Because when I'm moving – when I'm fighting – when my muscles scream loud enough

I don't have to think. I don't have to feel.

But then Shisui found me.

And everything I'd been holding back tore open at once.

A soft knock sounded from the doorway.

I jolted and pulled the blanket tighter around me without meaning to. My heart hammered until the voice followed.

"…Kuroha?

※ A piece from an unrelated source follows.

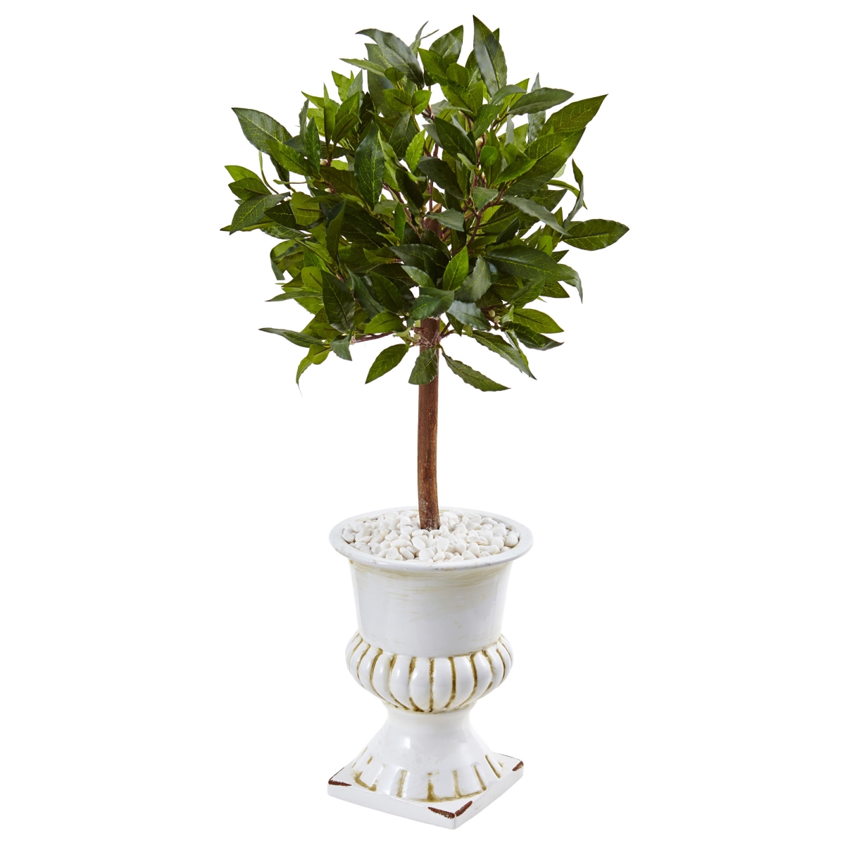 Nearly Natural 5995 2.5 ft. Sweet Bay Mini Topiary Tree in White Urn

Are you awake?"

Shisui. Of course.

The door slid open slowly, carefully, like he thought I might break from sudden movement. His hair was damp from rain, his cloak dripping quietly onto the floor.

When his eyes found mine, they softened.

"Hey," he said gently. "How are you feeling? Does it… hurt less now?"

I opened my mouth, but nothing came out at first.

He stepped closer – not too close, just enough to show he was there.

I exhaled shakily. "...Thank you," I whispered.

My voice cracked. "For yesterday. For… not letting me stay out there."

He smiled—small, tired, sad.

"You don't have to thank me for that."

I looked down at my hands, twisting the blanket between my fingers.

"…Can you tell me what happened?" I asked quietly.

"Outside. After I… after I passed out."

The rain filled the silence between us.